For each marker, Micca version 1.7.2 (Albanese et al. 2015) was used for sequence merging (minimum overlapping region between R1 and R2 reads = 100 nt), trimming (removal of primer sequences and Illumina adaptors), filtering (based on the filterstats tool implemented in Micca; maximum error rate = 0.5; chimeric sequences removed) and OTU picking (cut-off value = 0.98). The taxonomic assignment of the inferred OTUs was conducted under a phylogenetic framework. As a first step the resulting DNA sequences (OTUs) were further grouped into 98% similarity clusters with Usearch version 10.0.240_i86osx32 (Edgar 2010). Usearch was also used to select a representative sequence (centroid) from each cluster that was subsequently used as a BLAST query to retrieve the 1000 most similar sequences from GenBank regardless their respective values of percentage identity. DNA matrices were built for each cluster by combining all dietary sequences in the cluster with the top 1000 hits from its centroid-based BLAST search. The resulting matrices were individually aligned with MAFFT (Katoh and Standley 2013) and used for maximum likelihood phylogenetic inference in IQTREE (Nguyen et al. 2015). Trees were explored in FigTree (Rambaut 2014) to establish the systematic position of diet sequences according to the highest taxonomic rank supported with a nodal bootstrap value ≥ 70% (Hillis and Bull 1993). Information from multiple markers targeting the same group of organisms (i.e., animals or plants) was merged following the multi-marker metabarcoding approach described in da Silva et al. (2019).

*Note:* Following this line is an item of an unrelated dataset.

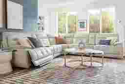 Striking features, spacious seating and sophisticated design details give the Drew & Jonathan Pacific Heights sectional a stunning profile, adding a sophisticated ambiance with a distinctive touch of class. Top grain leather where the body touches embodies luxuriousness while the attached channel designed back, padded arms and power adjustment in the headrest and wide footrest provides ample space to comfortably relax and unwind in this transitional piece. The media console includes stainless steel cupholders, a charging station and storage compartments to keep all your home entertainment needs readily available. Top grain leather where the body touches. Vinyl sides & back.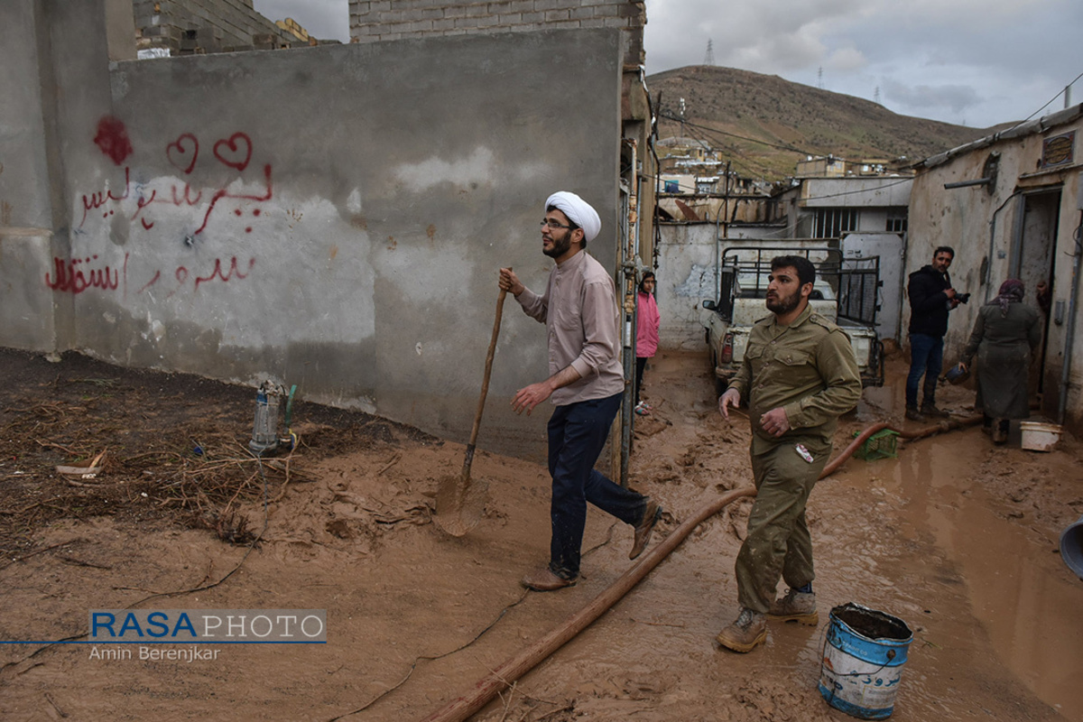 Clergymen voluntarily help people in different areas hit by flood in Iran

Molecular marker comparison

The performance of each of the molecular markers selected for our study was assessed based on the frequency of food items reported and identified at different taxonomic ranks (class, order, family, genus, species). Furthermore, the overlap in terms of taxonomic identifications at the above-mentioned taxonomic ranks between markers targeting the same group of dietary organisms (animals or plants) was explored using the R package VennDiagram (Chen and Boutros 2011).

Datasets

Previous research on the diet of Balearic lizards has demonstrated that food seasonality partially affects diet composition (Pérez-Mellado and Corti 1993; Pérez-Cembranos et al. 2016; Santamaría et al. 2020). In order to assess such seasonal effect and since our dataset did not include samples for all populations and for all seasons of the year due to the remote location of most of the sampled islets and the dependence on meteorological conditions to access them (Table 1), we based our analyses on two different subsets consisting of sampling locations with matching collecting seasons: Spring + Summer dataset (populations: Aire, Colom, Espardell and Na Gorra), and Summer + Autumn dataset (populations: Cabrera, Dragonera, Esclatasang and Na Foradada). In addition, we further explored geographical differences in terms of diet composition by comparing samples from the same collecting season (Spring, Summer and Autumn datasets) either combining the samples from the two lizard species or analyzing each species separately.

Diet analysis

The weighted percent of occurrence (wPOO) in our dataset was calculated following Deagle et al. (2019), a measure that considers the percentage of occurrence of each food item across the entire dataset weighted by the total count of prey items detected in each sample. This estimate has been shown to perform better than other indices when investigating taxa with a highly diverse trophic spectrum such as those of the omnivorous Balearic lizards (Andriollo et al. 2019). Niche width at both the species and populational levels was calculated using Levin’s index (Levins 1968), whereas trophic niche overlap was estimated based on Pianka’s index (Pianka 1973). We tested whether the extent of overlap was greater than expected by chance by comparing the observed values with a distribution of expected overlap values based on null model simulations using the RA3 algorithm (Lawlor 1980) implemented in the package EcoSimR (Gotelli et al. 2015). Differences were considered statistically significant when Pobs<exp < 0.05.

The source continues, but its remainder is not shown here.